> [Supplied data]
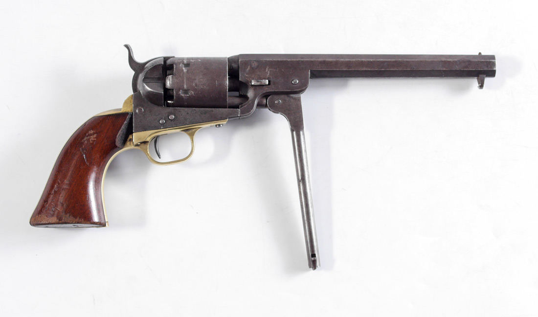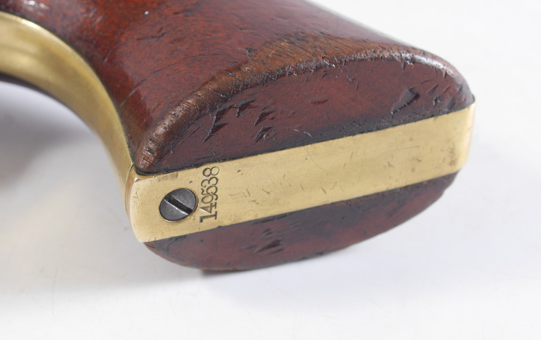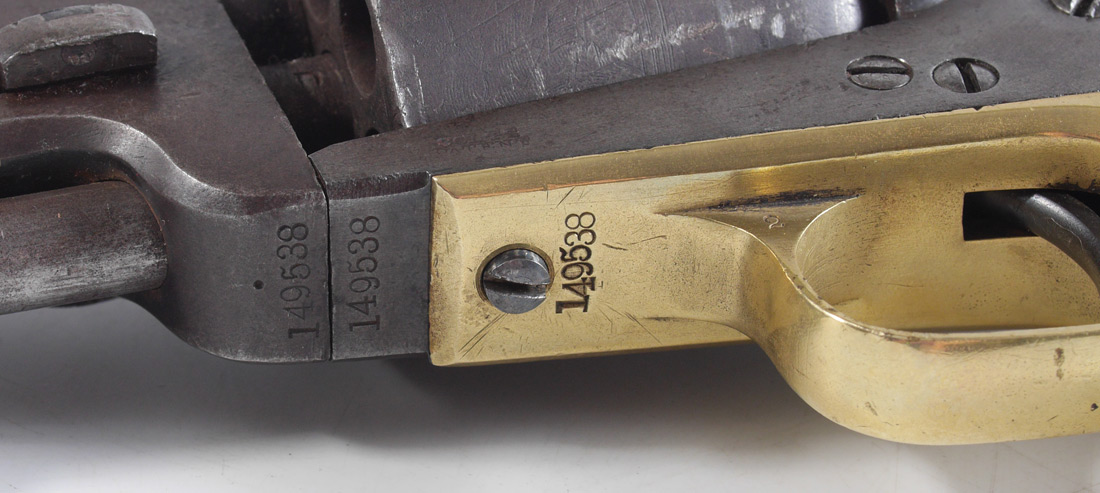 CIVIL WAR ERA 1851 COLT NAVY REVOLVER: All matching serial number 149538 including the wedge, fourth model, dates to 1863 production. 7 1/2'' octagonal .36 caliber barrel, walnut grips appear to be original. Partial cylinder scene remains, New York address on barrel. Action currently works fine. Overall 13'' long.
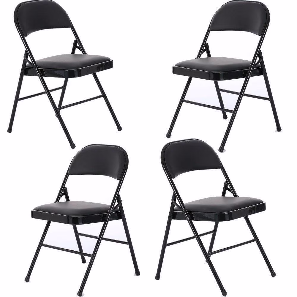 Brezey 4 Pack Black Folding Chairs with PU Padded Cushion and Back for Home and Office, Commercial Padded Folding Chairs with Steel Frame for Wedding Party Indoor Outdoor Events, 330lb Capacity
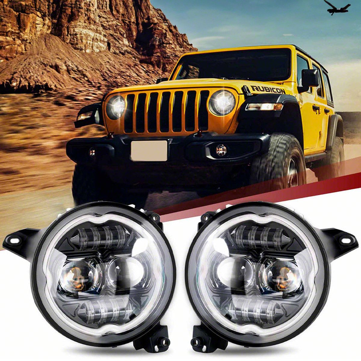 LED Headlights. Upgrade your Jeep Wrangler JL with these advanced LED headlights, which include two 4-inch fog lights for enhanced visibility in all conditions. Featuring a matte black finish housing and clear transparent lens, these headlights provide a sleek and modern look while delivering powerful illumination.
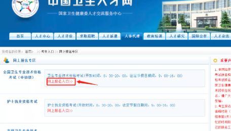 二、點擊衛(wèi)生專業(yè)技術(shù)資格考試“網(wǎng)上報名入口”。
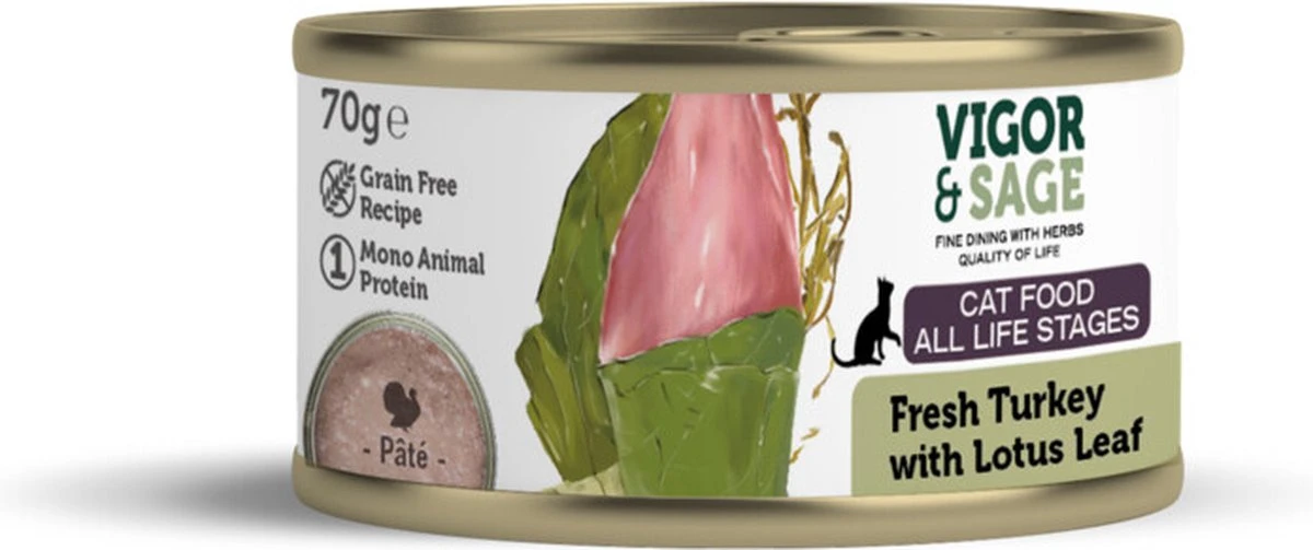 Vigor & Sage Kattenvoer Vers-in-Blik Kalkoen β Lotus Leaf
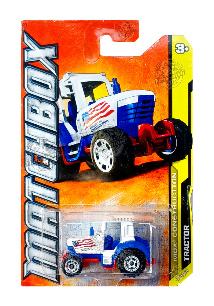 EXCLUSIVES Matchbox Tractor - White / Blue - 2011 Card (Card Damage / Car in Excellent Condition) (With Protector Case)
---
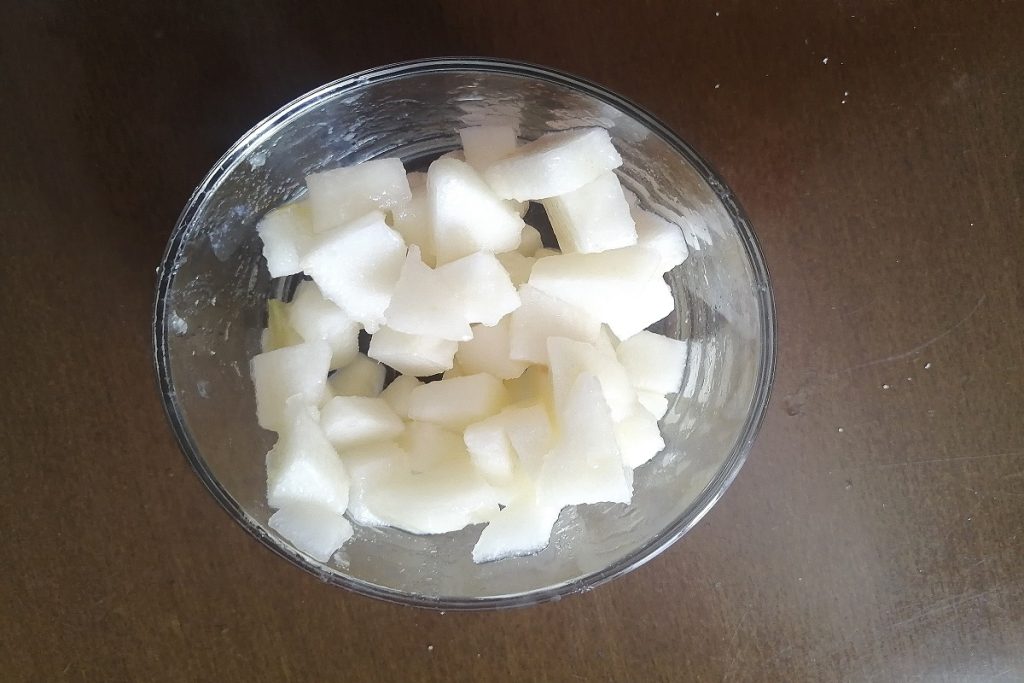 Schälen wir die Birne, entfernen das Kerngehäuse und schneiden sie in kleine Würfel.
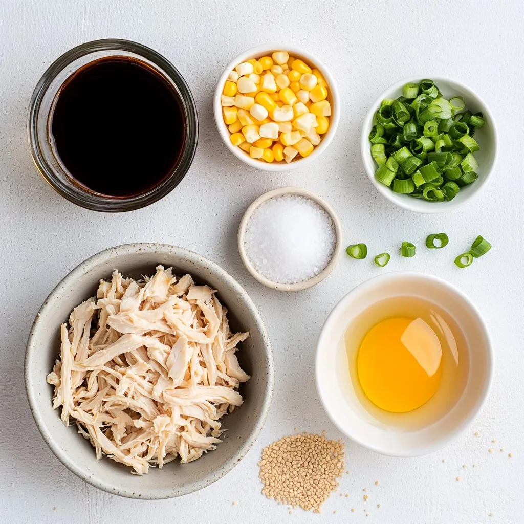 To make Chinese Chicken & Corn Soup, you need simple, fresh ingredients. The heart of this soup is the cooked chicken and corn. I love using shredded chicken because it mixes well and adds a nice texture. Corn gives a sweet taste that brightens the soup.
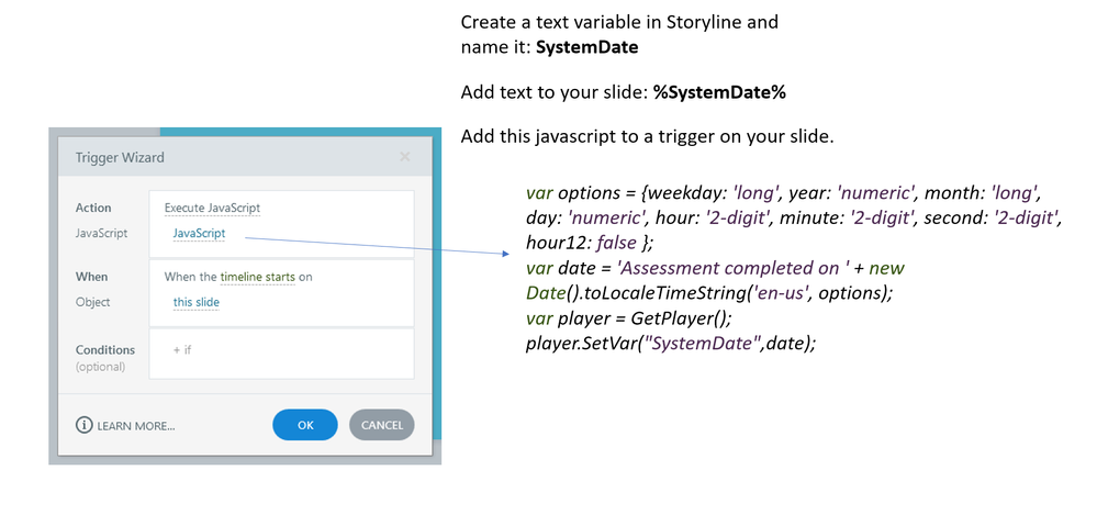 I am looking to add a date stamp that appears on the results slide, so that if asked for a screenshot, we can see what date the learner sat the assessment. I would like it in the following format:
==
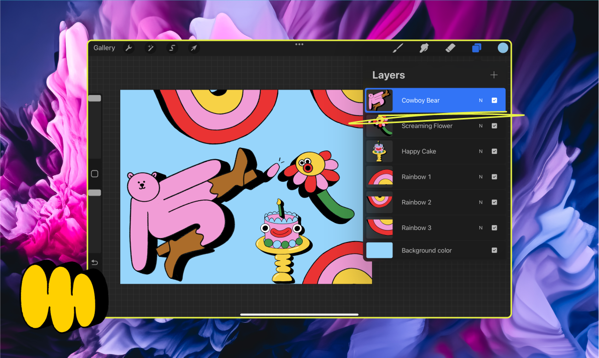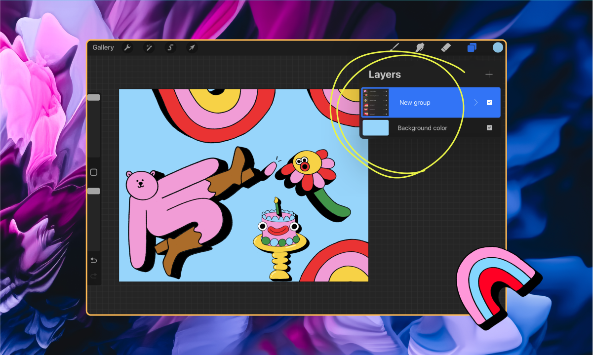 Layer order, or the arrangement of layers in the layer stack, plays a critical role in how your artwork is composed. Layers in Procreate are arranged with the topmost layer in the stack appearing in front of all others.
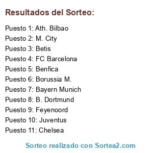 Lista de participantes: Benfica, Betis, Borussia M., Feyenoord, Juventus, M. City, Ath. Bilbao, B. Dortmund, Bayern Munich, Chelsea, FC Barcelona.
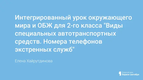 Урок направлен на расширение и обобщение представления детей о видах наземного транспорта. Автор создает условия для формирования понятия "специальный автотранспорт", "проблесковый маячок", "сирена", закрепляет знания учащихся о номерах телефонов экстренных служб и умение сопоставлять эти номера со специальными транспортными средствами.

> [Requirement] Because only one stretch of the records is wanted, please output the lines from the one holding "LED Headlights. Upgrade" through the one holding "EXCLUSIVES Matchbox Tractor" exactly, both included, and leave every picture out.

> [Result of this task]
 LED Headlights. Upgrade your Jeep Wrangler JL with these advanced LED headlights, which include two 4-inch fog lights for enhanced visibility in all conditions. Featuring a matte black finish housing and clear transparent lens, these headlights provide a sleek and modern look while delivering powerful illumination.
 二、點擊衛(wèi)生專業(yè)技術(shù)資格考試“網(wǎng)上報名入口”。
 Vigor & Sage Kattenvoer Vers-in-Blik Kalkoen β Lotus Leaf
 EXCLUSIVES Matchbox Tractor - White / Blue - 2011 Card (Card Damage / Car in Excellent Condition) (With Protector Case)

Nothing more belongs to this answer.